Never mind the penalty. A red card for Henry's uninvited passenger would have turned the 122nd Cup final into a fiasco: 10 versus 11 for 89 tedious minutes. Imagine Barber's relief, then, when Arsenal's leading scorer and matinee idol decided instead to go for goal (he missed, but that's beside the point). Advantage was played. Numerical parity between the two sides was maintained. Sure, Lundekvam himself got off the hook for an offence which drives attackers potty (shirt-pulling is another dark art in need of exorcism). But most of us realised, in the end, that TV viewers in more than 100 countries had Henry to thank for the game not being turned into a travesty.

His decision to keep galloping was hardly the stuff of a Nobel Prize. It did, though, need to be set against the disappointment one felt when Henry tried to trick Barber and get Svensson into trouble at the other end. At Arsenal there appears to be a tolerance of simulation. Think back to Francis Jeffers collapsing in the penalty area against Liverpool, or the Robert Pires-Steve Lomas incident when West Ham came to Highbury. Consider, also, Ashley Cole's habit of exaggerating the impact of incoming tackles.

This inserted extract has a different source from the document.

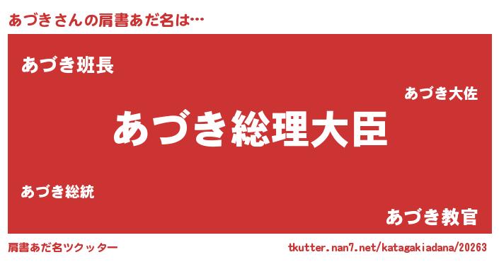| 意味不明あだ名 | 『あづきフォーエバー』『自称あづき』 |

In mitigation, since Arsenal play the Premiership's most lustrous football, it stands to reason that Henry, Pires and company have to cope with the most suffocating and sometimes violent attention from defenders. In those circumstances simulation can become a form of self-protection, an early warning system aimed at over-zealous stoppers.

It also happens to be true that we expect higher standards of the authentically great players. We expect skill and probity in equal measure. It has something to do with our habit of mistaking people who happen to be brilliant at something for gods. They're not.

In one sense Henry's duty to respect the laws of the game is no more pronounced than it is for Hartlepool's no. 9. We tell ourselves that with all that talent, "Henry shouldn't have to do it''. Which is true. But then why do any one of us do things that ought to be beneath us? Because we're human and to be human is to be imperfect.

The Henry who dives appears less often, it ought to be said, than the thespian inside Ruud van Nistelrooy, who has that single blemish on his exemplary goalscoring record. Van Nistelrooy, who is entitled to feel aggrieved at losing out to Henry in both the PFA and football writers' awards, has developed the weakness of pretending to be the victim of a violent assault (usually an elbow).

A good example was when he joined the amateur dramatic society after an innocuous clash with Claude Makelele of Real Madrid. A fervent hope is that Sir Alex Ferguson persuades Van Nistelrooy to erase this stain on his otherwise fine reputation.

In society, value systems change by stealth. What might have seemed unconscionable 20 years ago is widely tolerated or even encouraged today. This is the danger with diving, or deception: that one day it will come to be accepted as "part of the game''. No thanks. Not now, not ever.